Exercise
The lines to return are those from the line holding "MEXICO, DF, 04ENERO2005.- La" through the last line of the entries below, both included, written exactly and without pictures.
■ ■ ■ ■ ■ ■ ■
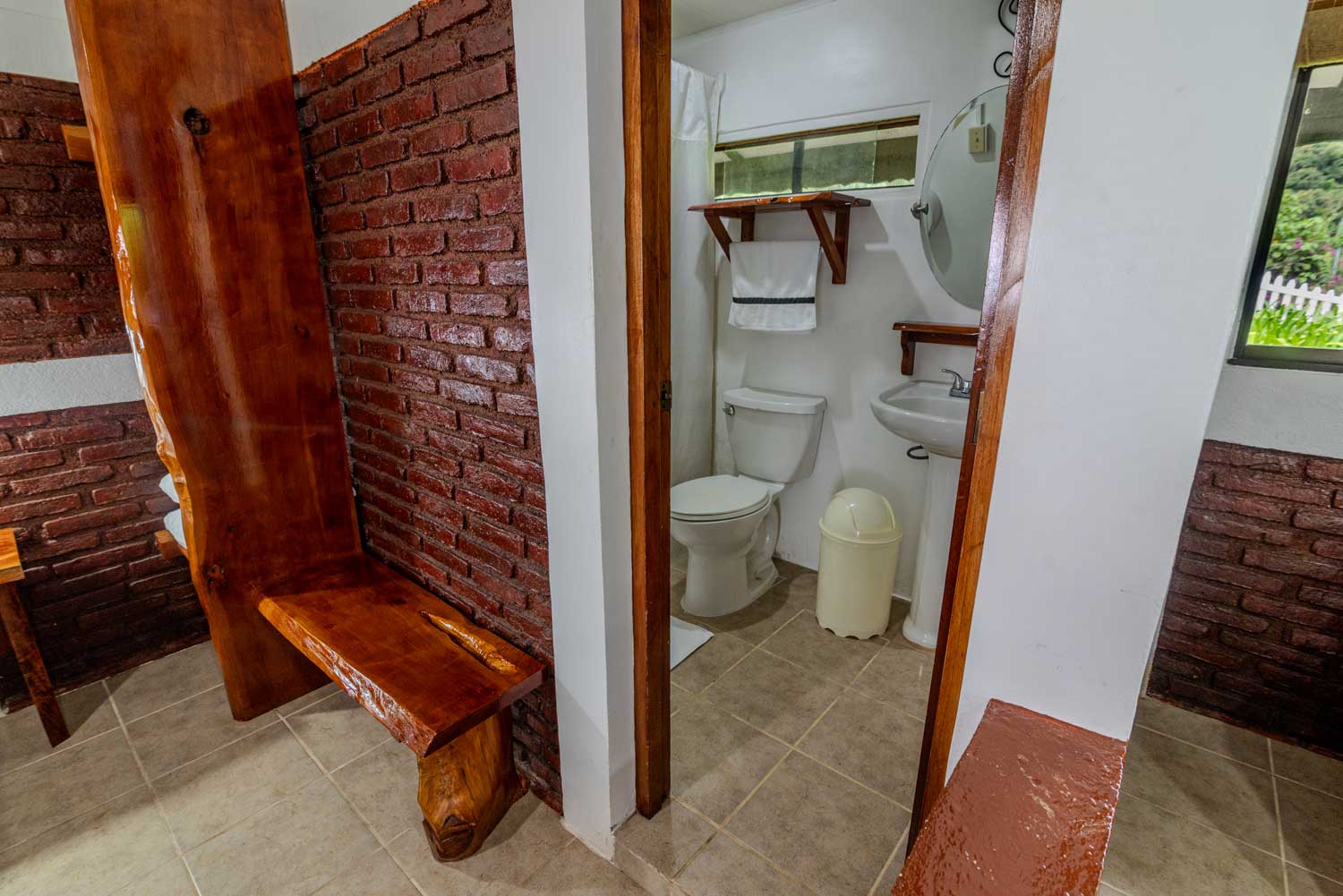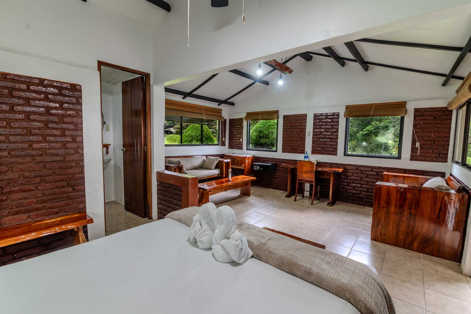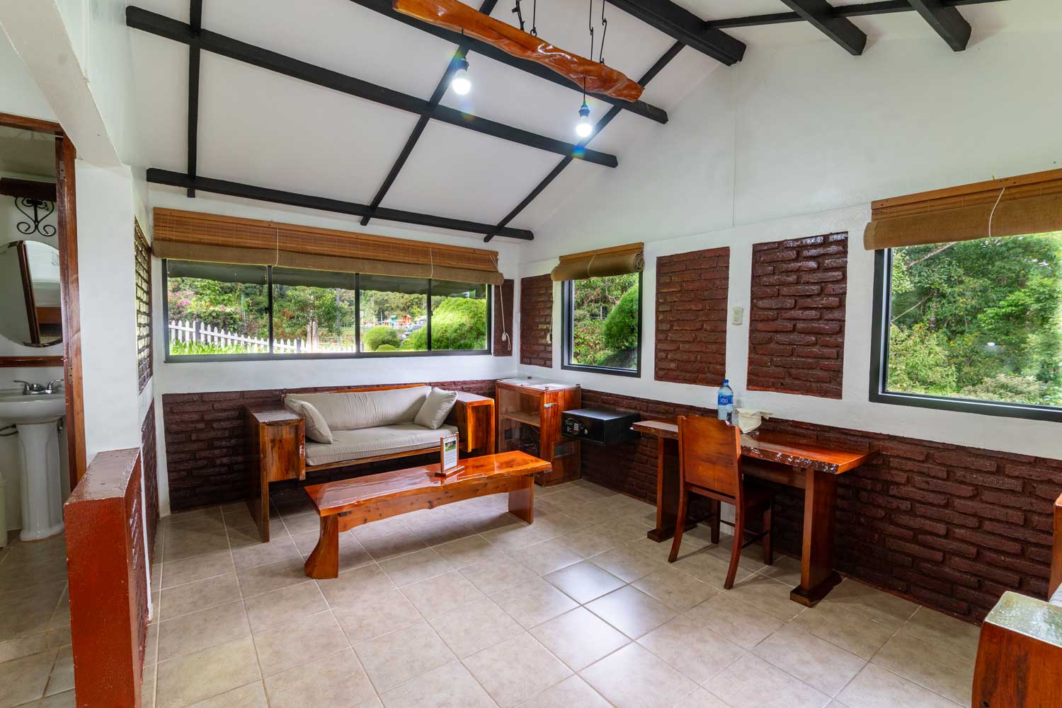 Nuestra cabaña estandar te recibe con su calida area de estar, un dormitorio principal con 1 Cama queen o 2 Camas unipersonales, espacio para tus piezas de ropa y caja fuerte para tus objetos de valor, cuenta con 1 baño completo
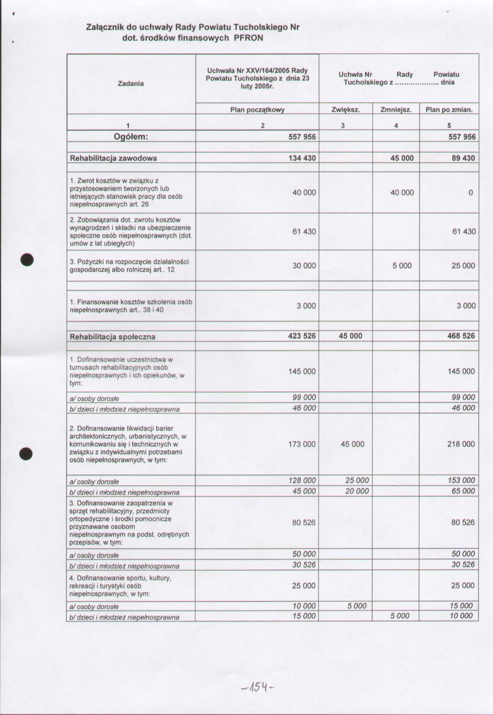 13. Podjęcie uchwały w sprawie zmiany uchwały Nr XXV/164/2005 Rady Powiatu Tucholskiego z dnia 23.02.2005 r. w sprawie określenia zadań i wysokości środków finansowych z Państwowego Funduszu Rehabilitacji Osób Niepełnosprawnych na zatrudnienie i rehabilitację społeczną osób niepełnosprawnych.
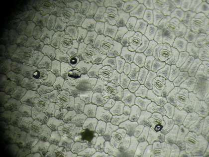 ツユクサの葉の裏にある、うすい皮をめくり、気孔を顕微鏡で観察しました。
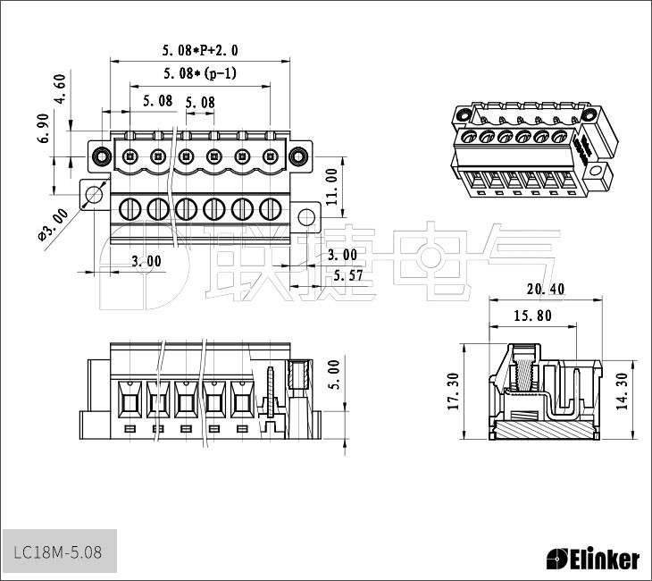 LC18M面板接线块,采用固定螺丝直接安装在壳体或PCB板上;
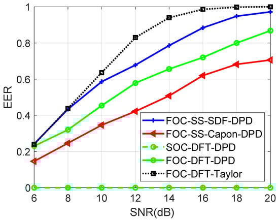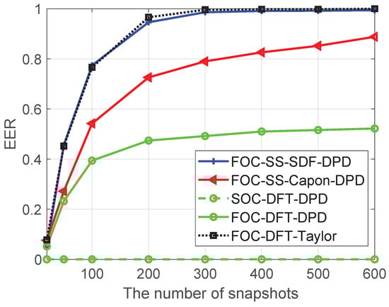 Figure 9 shows the EER of four algorithms versus T, when the number of Monte Carlo runs is 600, , , , , , , , , , , , , the number of snapshots is changed from 20 to 600, the gap of search grids is 1 m, and the error threshold is set as 1 m. The EER of the proposed FOC-DFT-Taylor algorithm shows a slight increase compared to the FOC-SS-SDF-DPD algorithm, yet with a significant reduction in complexity. Unfortunately, the SOC-DFT-DPD performs poorly, as it fails to take full advantage of non-Gaussian sources. Additionally, when compared to the FOC-SS-Capon-DPD and FOC-DFT-DPD algorithms, the EER of the FOC-DFT-Taylor algorithm is higher, underscoring its superior resolution capabilities.
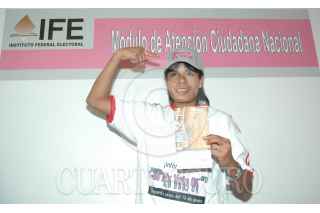 MEXICO, DF, 04ENERO2005.- La futbolista mexicana Maribel Domínguez " Marigol " realizo un visita la modulo del IFE instalada en el aeropuerto internacional de la ciudad de México donde esta previendo el voto en el extranjero. FOTO: Kiko Guanabacoa/CUARTOSCURO.COM
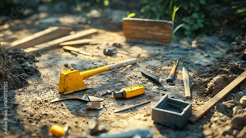 construction, tool, dirt, ground, work, daytime, yellow, wood, metal, axe, hammer, building, repair, demolition, digging, site, construction site, construction work, brown, equipment, renovation, building material, construction industry
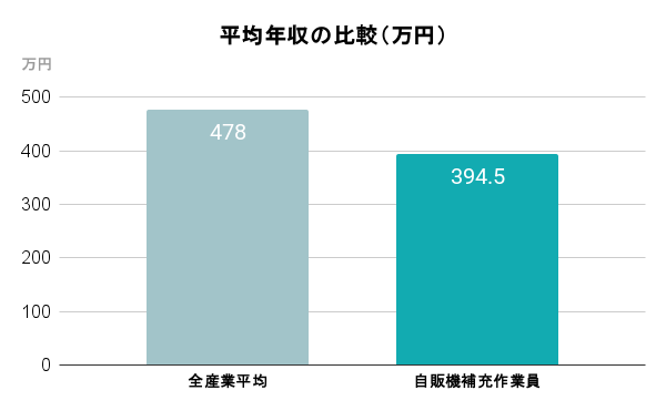 自販機補充作業員 | 約394.5万円 | 約32.8万円 |
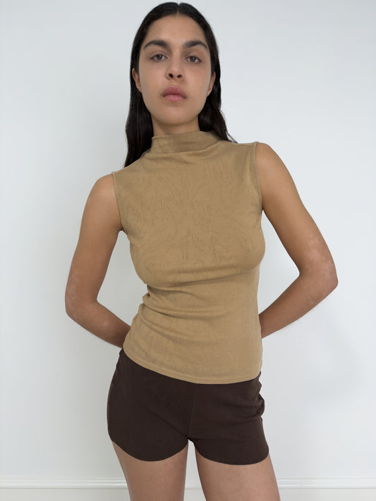 Sleeveless Mock Neck Top, Camel
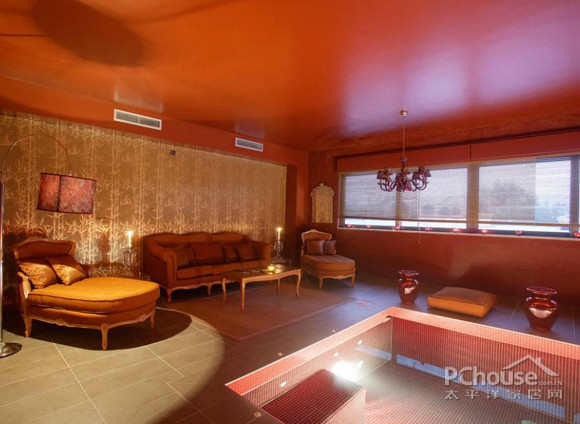 从奢侈的红色内池,可以看到外面的游泳池和阳台。
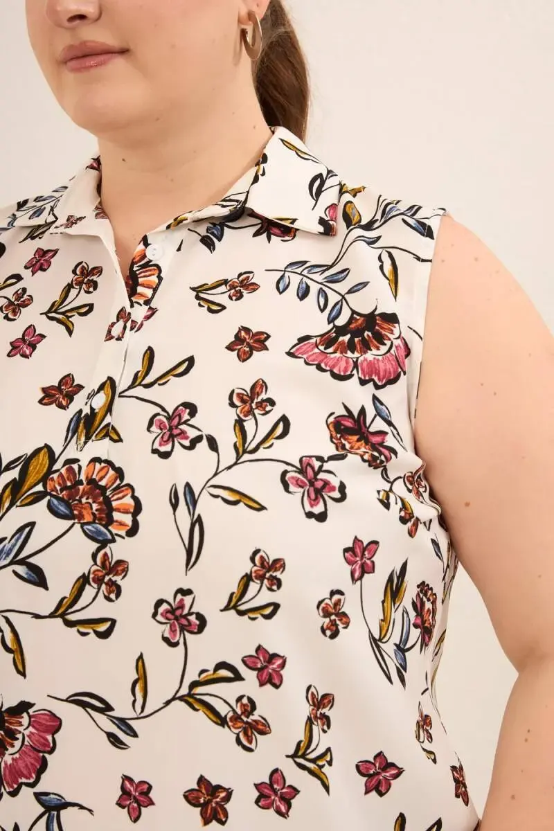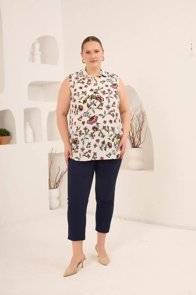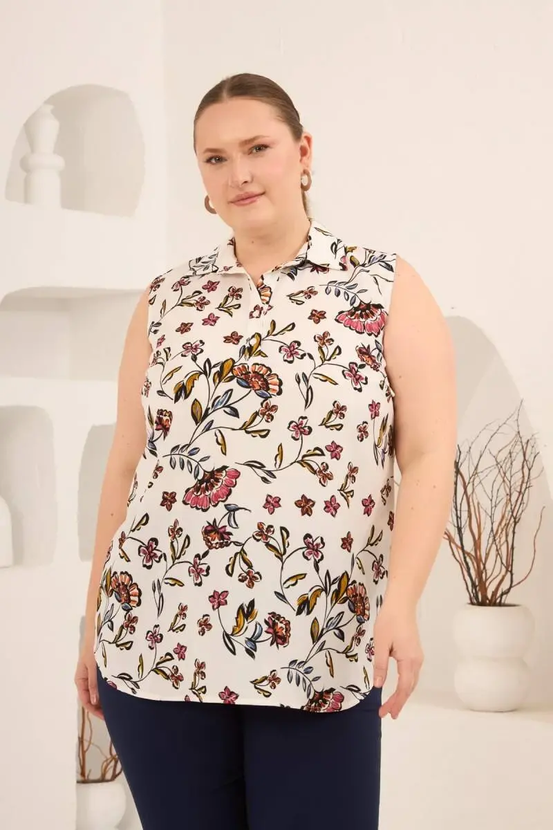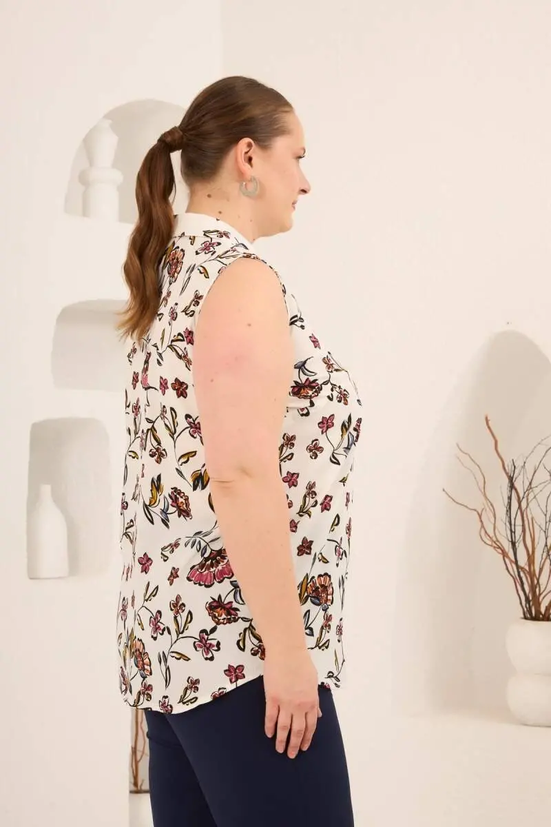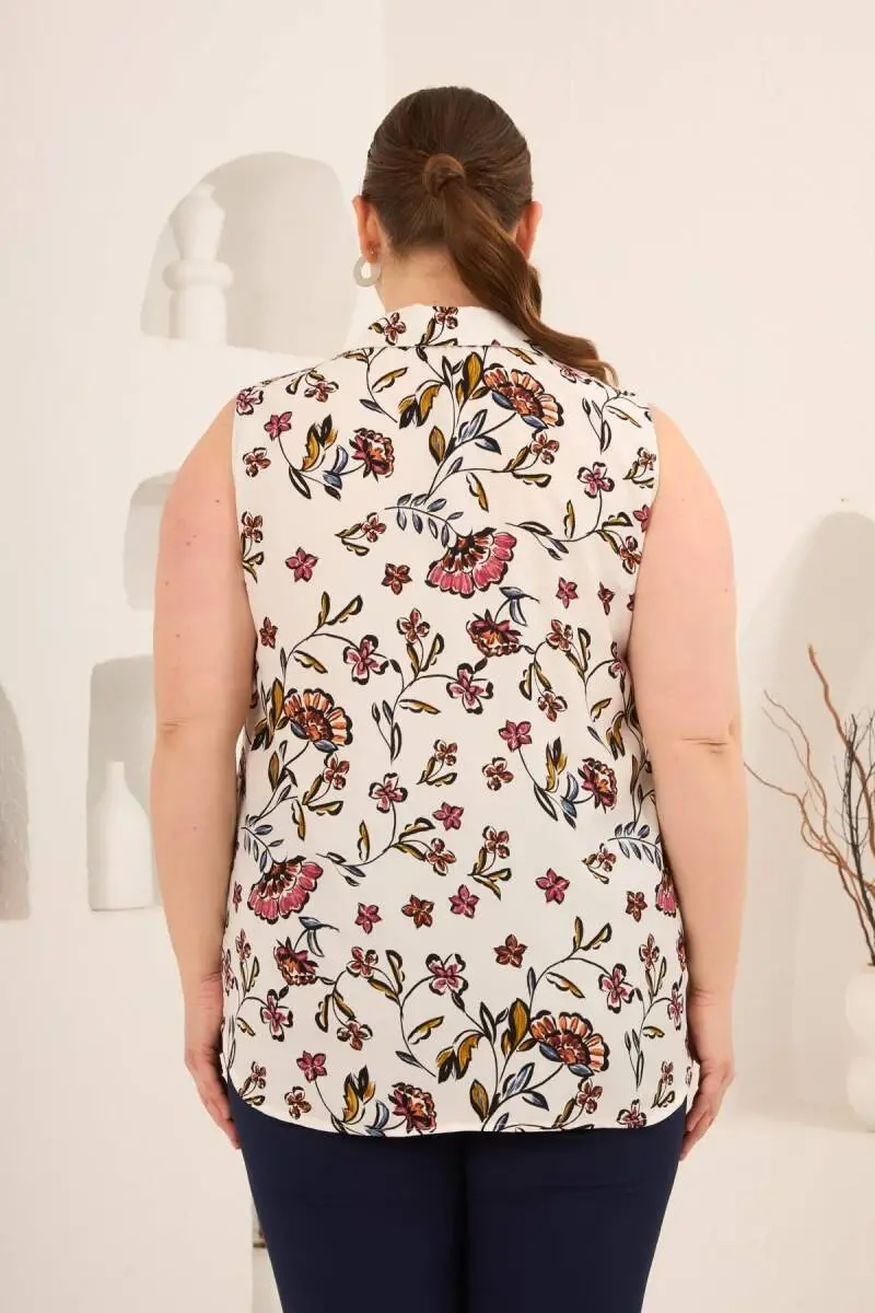 Sıfır Kol Desenli Büyük Beden Bluz Ekru
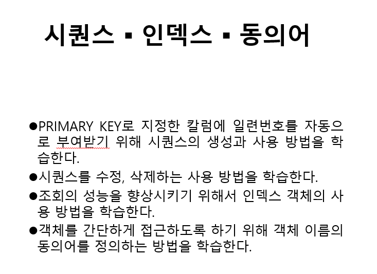 현재까지 오라클의 테이블, 뷰,트랜잭션을 기록하였다. 오라클의 2/3는 대략 저장하였다고 봐도 무방하다. 아닐수도있다 오라클은 광범위 하기때문에 하지만 내가 필요한 오라클의 정보의 2/3는 모두 기록하였다고 봐도 괜찮을것같다는 의미이다. 이제 남은건, **인덱스, 시컨스**, 동의어(synonym)이 남아있는 상태이다.
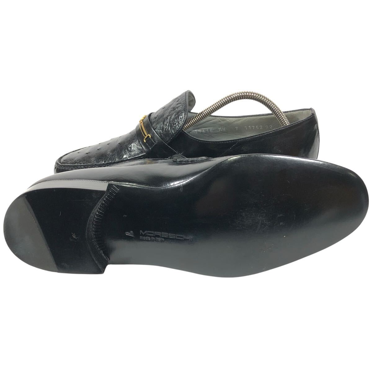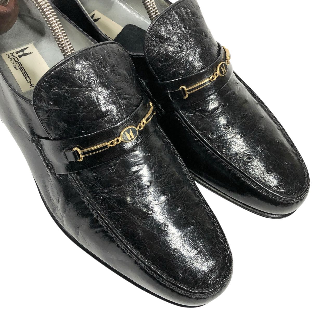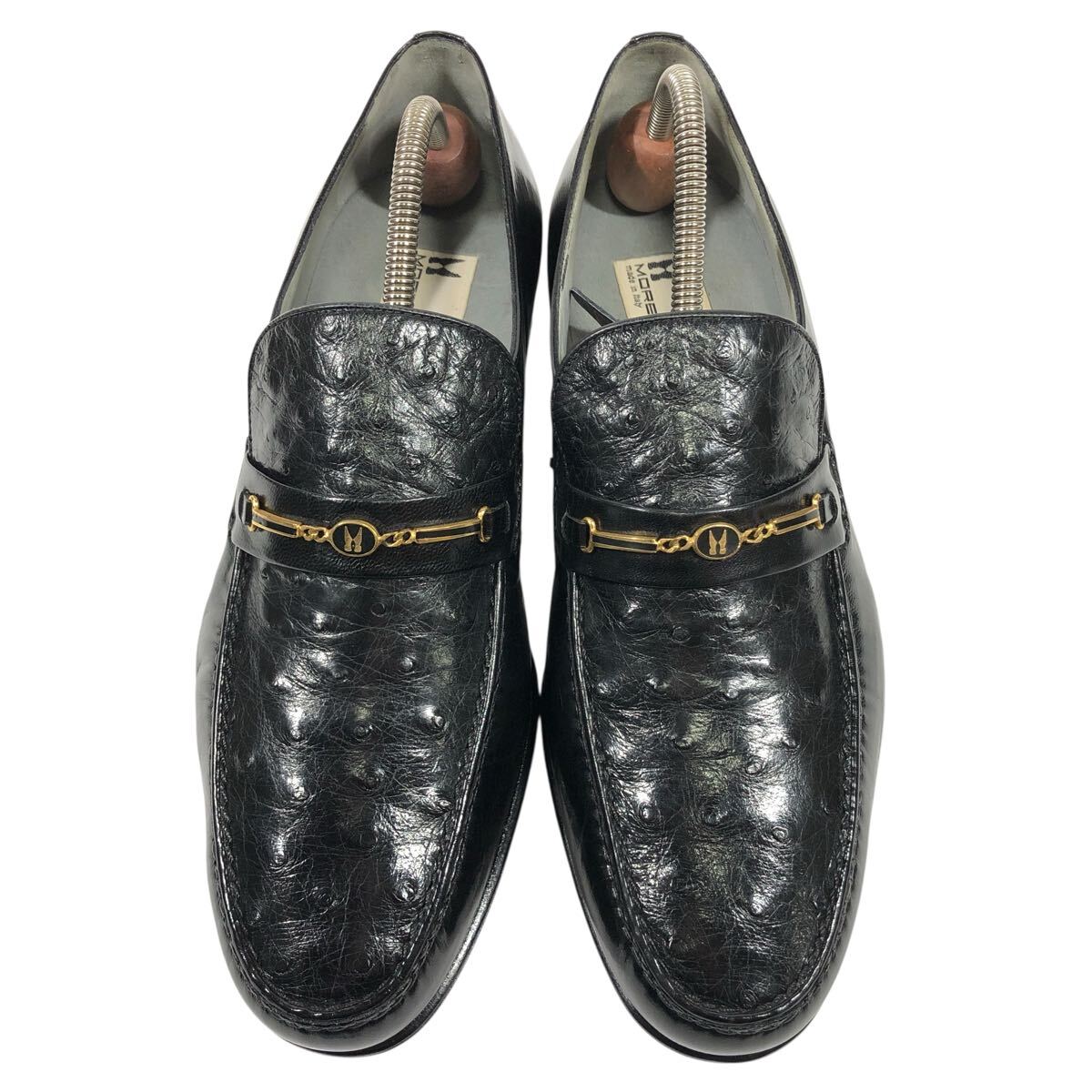 未使用品【モレスキー】本物 MORESCHI 靴 26cm 黒 オーストリッチ ロゴ金具 ローファー スリッポン ビジネスシューズ 駝鳥 メンズ 伊製 7
■ ■ ■ ■ ■ ■ ■
Output for this exercise
 MEXICO, DF, 04ENERO2005.- La futbolista mexicana Maribel Domínguez " Marigol " realizo un visita la modulo del IFE instalada en el aeropuerto internacional de la ciudad de México donde esta previendo el voto en el extranjero. FOTO: Kiko Guanabacoa/CUARTOSCURO.COM
 construction, tool, dirt, ground, work, daytime, yellow, wood, metal, axe, hammer, building, repair, demolition, digging, site, construction site, construction work, brown, equipment, renovation, building material, construction industry
 自販機補充作業員 | 約394.5万円 | 約32.8万円 |
 Sleeveless Mock Neck Top, Camel
 从奢侈的红色内池,可以看到外面的游泳池和阳台。
 Sıfır Kol Desenli Büyük Beden Bluz Ekru
 현재까지 오라클의 테이블, 뷰,트랜잭션을 기록하였다. 오라클의 2/3는 대략 저장하였다고 봐도 무방하다. 아닐수도있다 오라클은 광범위 하기때문에 하지만 내가 필요한 오라클의 정보의 2/3는 모두 기록하였다고 봐도 괜찮을것같다는 의미이다. 이제 남은건, **인덱스, 시컨스**, 동의어(synonym)이 남아있는 상태이다.
 未使用品【モレスキー】本物 MORESCHI 靴 26cm 黒 オーストリッチ ロゴ金具 ローファー スリッポン ビジネスシューズ 駝鳥 メンズ 伊製 7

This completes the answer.